The Native Yield Paradox

USPD was an industry first: a stablecoin that natively yields. Your balance grows automatically—no staking, no wrapping, no claiming. We envisioned this as the future of money: a “bank account” where normies could watch their savings grow without any DeFi complexity.

The reality was more complicated.

While native yield is perfect for end users holding USPD in their wallets, it created significant friction with DeFi protocols. Uniswap, Aave, and virtually every vault or AMM tracks balances through internal ledgers. When your token balance changes without a transfer event, these protocols break or behave unexpectedly.

We were actively developing a wrapped USPD token as an overlay solution, but this added complexity and fragmented liquidity. For V2, we’re redesigning the architecture so that DeFi compatibility is built into the core system, not bolted on afterward.

Business Development & Adoption Realities

Beyond the technical lessons, we learned hard truths about go-to-market:

• Liquidity bootstrapping is harder than building the protocol itself
• DeFi integrations require tokens that play nicely with existing infrastructure
• User education around a new stablecoin model takes time and trust
• Institutional interest exists, but requires battle-tested contracts and clear regulatory positioning

These lessons—from the hack, from DeFi integration challenges, from business development—are all being poured into USPD V2.

Step 1: Recovery Tokens for Affected Holders

We’re introducing USPD Recovery Tokens as a way to include affected holders in the future of the protocol.

How It Works

1. Snapshot & Distribution: We have complete snapshots of all USPD balances immediately before the exploit. Every affected holder will receive recovery tokens proportional to their USPD holdings at the time of the incident.

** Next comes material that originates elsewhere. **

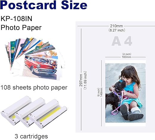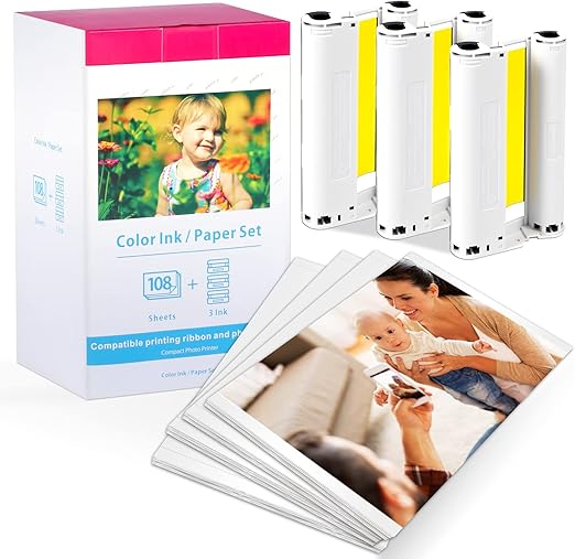 Oryginalny zestaw Canon KP-108IN / 3115B001 do drukarek Selphy CP-1300, CP-1200, CP-1000, CP-910, CP-740 zawiera 108 błyszczących arkuszy formatu 100 × 148 mm (4 × 6″) oraz trzy kasety z barwnymi atramentami — dzięki technologii sublimacji barwnikowej gwarantuje trwałe, wodoodporne i odporne na blaknięcie wydruki w jakości studia fotograficznego

2. Future Participation: These recovery tokens represent your connection to the protocol going forward. As USPD V2 generates revenue and grows, recovery token holders will be able to participate in protocol benefits. The specific mechanisms will be detailed as V2 development progresses.

3. Dedicated Recovery Pool: A separate pool—distinct from the community treasury—will be funded from future protocol activity. This pool is dedicated to affected holders.

Why This Approach

With ~230 affected holders, this is a manageable community we can work with directly. We’re not hiding behind legal structures or abandoning our users. We’re creating a transparent mechanism that keeps affected holders connected to the protocol’s future success.

We want to see our community benefit as we rebuild.

Step 2: USPD V2 — Built Different

The exploit and our operational experience forced us to confront architectural decisions we had been wrestling with. USPD V2 isn’t just a redeployment—it’s a fundamental reimagining informed by everything we learned.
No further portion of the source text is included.